Generally, CPPs are defined as short, water soluble and partly hydrophobic and/or polybasic peptides (at most 30–35 amino acid residues) with a net positive charge at physiological pH [1]. This new class of peptides was introduced in the late 1980s by the discovery of the human immunodeficiency virus type 1 (HIV-1) encoded Tat peptide [2, 3] and the amphiphilic Drosophila Antennapedia homeodomain-derived 16 amino acid penetratin peptide (pAntp), which was discovered somewhat later [4–7]. These two peptides are the most extensively studied
of all CPPs. The main feature of CPPs is that they are able to penetrate the cell membrane at low micromolar concentrations in Inhibitors,research,lifescience,medical vivo and in vitro without using any chiral receptors and without causing irreversible membrane damage. These peptides are capable of internalizing electrostatically or covalently bound biologically active cargoes such as drugs, Inhibitors,research,lifescience,medical with high efficiency and
low toxicity [1, 8]. Despite many studies made on CPPs, the mechanism(s) by which CPPs enter the cells has not been completely resolved. There is Inhibitors,research,lifescience,medical some evidence for both energy-independent processes and endocytosis in internalization of CPPs. Presently, endocytosis, composed of two steps, endocytotic entry followed by endosomal escape, is believed to be the most common uptake mechanism at low CPP concentrations [8, 9]. Model biomembranes or lipid bilayers are efficient model systems to investigate the CPPs translocation mechanism(s). Large unilamellar vesicles (LUVs) are among the most commonly used model membranes in lipid-peptide interaction studies [10]. Here, we have performed experiments to study Inhibitors,research,lifescience,medical the background Inhibitors,research,lifescience,medical mechanism(s)

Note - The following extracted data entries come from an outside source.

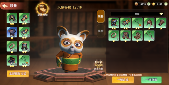 3.装备升级:每次强化将随机提升一项基础属性(生命、攻击、防御),所有英雄共享该属性加成效果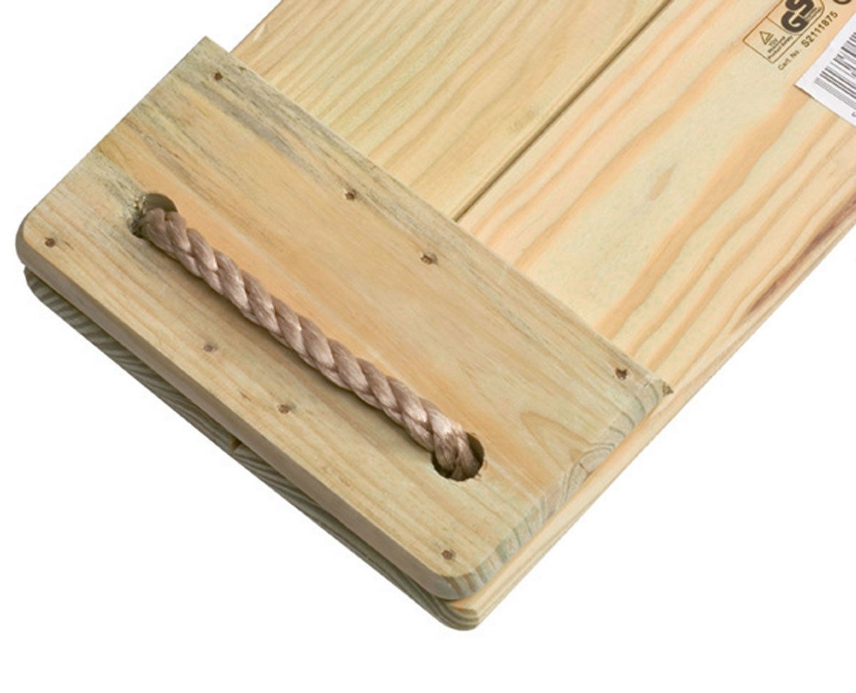 Материалы: сидение из пропитанной защитным раствором древесины. Сиденье собрано с помощью саморезов из нержавеющей стали и веревки PP Ø10мм собрана на скобах. Кольца и восьмерки выполнены из гальванизированной стали. Страховочные узлы на веревке изготовлены из черного пластика.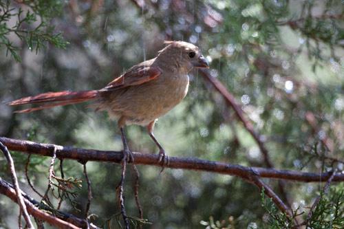 Juvenile male Cardinal perched on a Juniper branch in the rain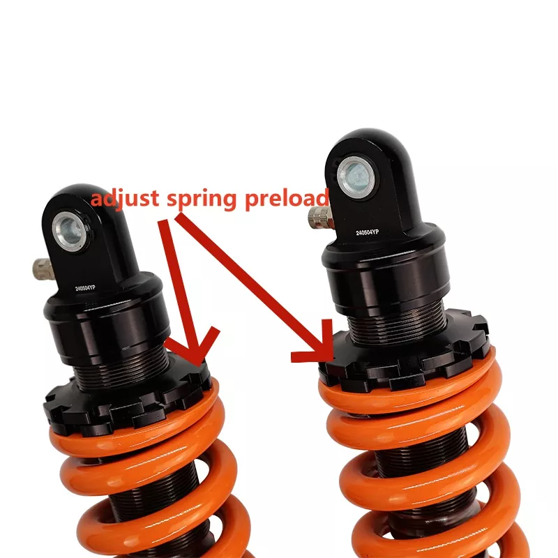 Dirt Bike Single Justerbar bakre stötdämpare erbjuder exakt kontroll med sin justerbara returdämpning. Medurs rotation saktar ner returen för en mjukare åktur, medan moturs rotation ökar dämpningshastigheten för en fastare respons. Denna funktion gör det möjligt för förare att anpassa sina fjädringsinställningar för optimal prestanda i olika terränger.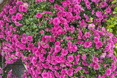 Small chrysanthemums in a flowerpot close-up. Autumn arrangement.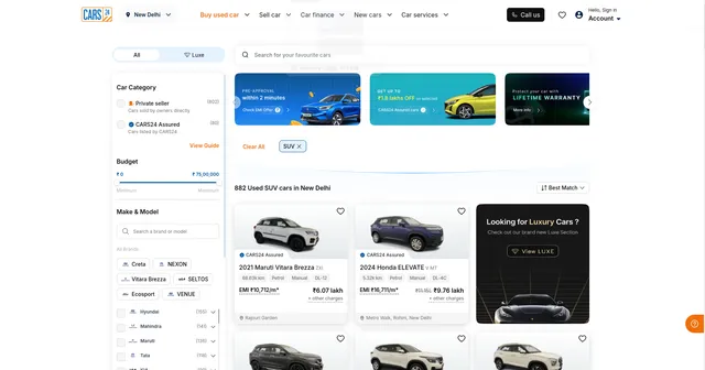 Cars24.com revolutionized India's used car market by providing transparent pricing, standardized quality checks, and streamlined buying experiences. The platform lists thousands of certified pre-owned vehicles with detailed specifications, inspection reports, and competitive pricing—making it a goldmine for automotive data intelligence.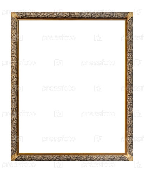 Золотая рама для картин, зеркал или фотографий, изолированных на белом фоне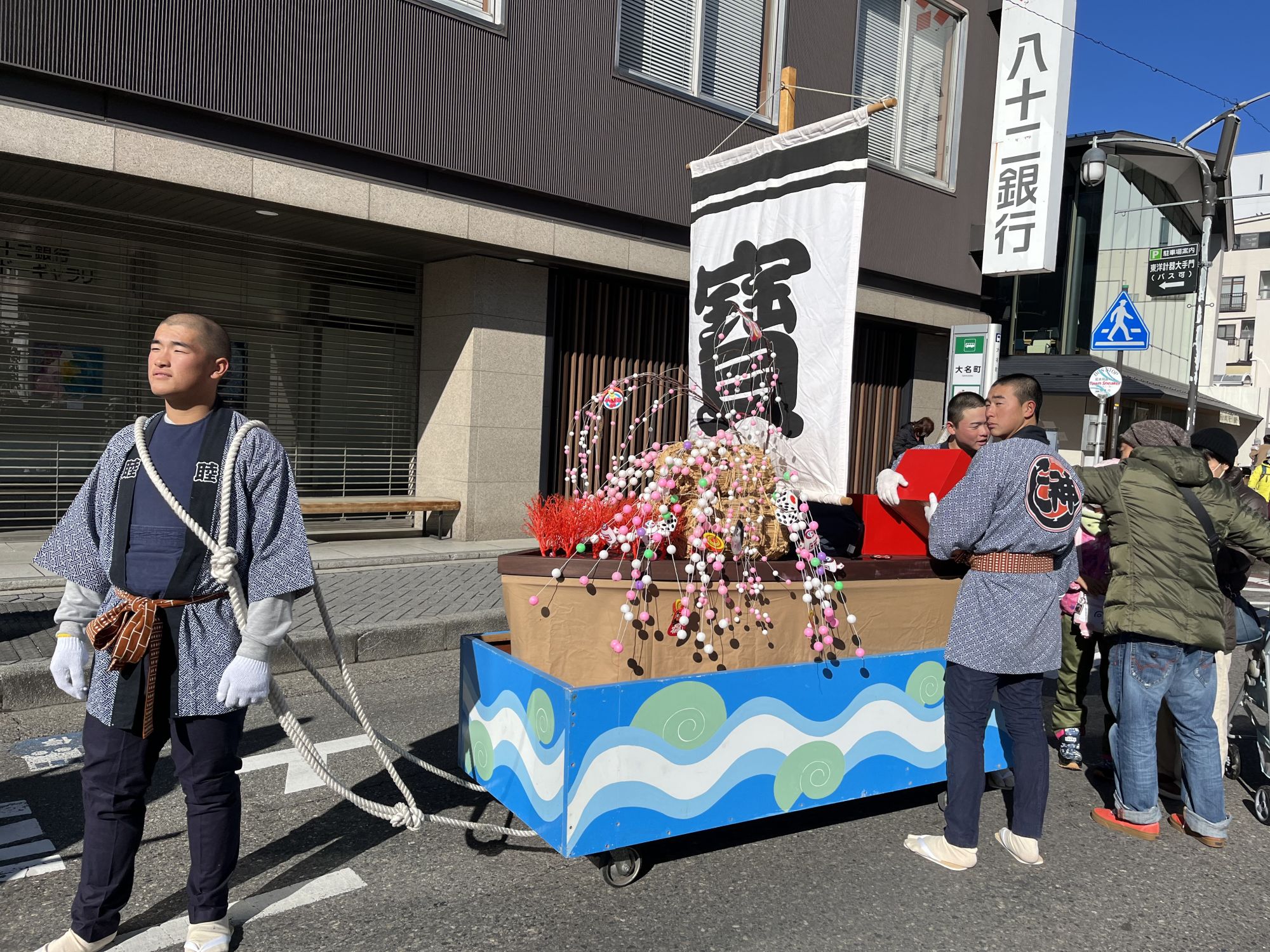 Un des grands événements de la journée est la parade des Sept Divinité de la Fortune. Les participants sont tous habillés de costumes traditionnels et on reconnaît facilement les sept divinités grâce à leurs attributs distinctifs. Ils paradent dans tout le centre ville au son des tambours taiko en distribuant des bonbons aux passants. On peut aussi apercevoir un grand fuku-omen, masque au visage joufflu, devenu le symbole des bonbons « Fuku-Ame » mentionnés précédemment.

of endosomal escape. Cell membranes are normally weakly negatively charged and consist of different phospholipid molecules and associated proteins and proteoglycans. The lipids used in our study (a mixture of zwitterionic POPC and negatively charged POPG phospholipids) have been chosen to mimic cell membranes. Bacteriorhodopsin (BR) reconstituted Anacetrapib into LUVs with 20% negatively charged phospholipid are used to model the endosomes. The LUVs were prepared by the extrusion method, and their size and stability were carefully examined by dynamic light scattering (DLS). BR is an integral membrane protein of about 26KDa found in Halobacterium salinarium. There are various methods to reconstitute membrane proteins into the vesicles including organic solvent-mediated reconstitution, direct incorporation into preformed liposomes, mechanical means, and the detergent-mediated selleckchem Tipifarnib reconstitution method. Among these methods, detergent-mediated reconstitution is the most common and successful technique to incorporate membrane proteins into vesicles [11].